My system [back]
[Layout still needs to be changed; right now just uses blog post layout]
My overarching goal is to develop an understanding of language as a whole, stitching together the various components of the system that are usually studied in isolation. My current research interests can be categorized into two main lines of inquiry: language learning and change.
First, I am interested in an approach to language learning where a learner builds up their complex knowledge of language by generalizing patterns from the input data in an incremental fashion. This is in contrast to, for example, approaches that treat language learning as the process of selecting the correct grammar among existing hypotheses on the basis of input data. In these approaches, the burden of explaining the complexity of language is resolved by positing a complex initial state (often taken as part of the innate component of language). This is exemplified by the Principles & Parameters approach (Chomsky 1981), which takes learning to be the specification of a set of innate parameters, but is also implicitly assumed in many computational models of learning (e.g., Niyogi 2006 and Bayesian approaches). My approach instead shifts the explanatory burden onto learning itself; learners incrementally generalize rules from their input data, which can together create the complex system that is language. This is the view of learning that underlies Yang 2016 and related work.

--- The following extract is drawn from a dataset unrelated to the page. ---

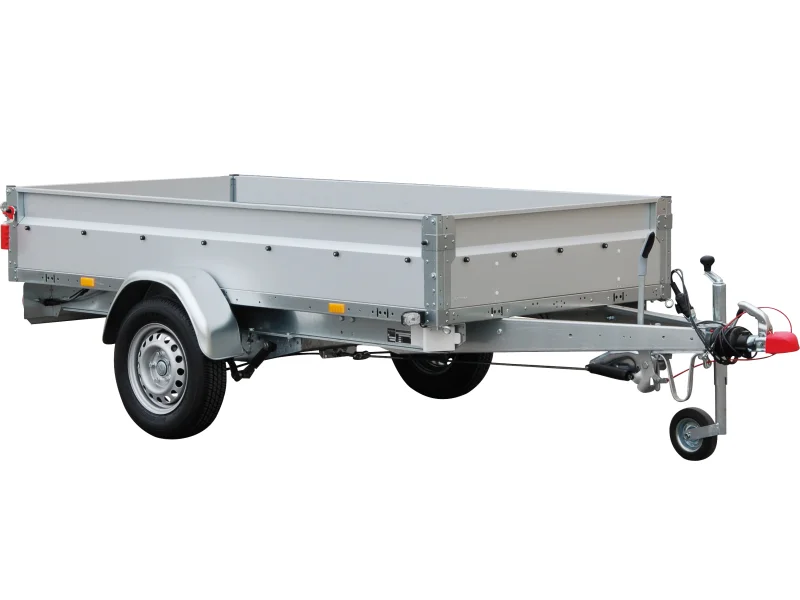 Der Anhänger Stema Basic ST 1000-25-13.1 in stabiler und strapazierfähiger Ausführung hat ein maximal zulässiges Gesamtgewicht von 1.000 kg, ist auflaufgebremst und mit Rückfahrautomatik ausgestattet.

The second area of my current interest lies in language change. Most of the time, a learner’s input data consists of the output of adult speakers with largely identical grammars; thus the learner will arrive at a largely identical grammar as well. However, if a learner’s input data is different, for various reasons [note TBW], they may arrive at a different grammar. This is the way in which individual learners carry out language change. I am interested in connecting this individual-level (acquisition-centered) understanding of language change to population-level behavior. More specifically, I hope to better understand historical phenomena through this framework of change, as well as develop statistical methods for population-level data in a more mechanistically meaningful way.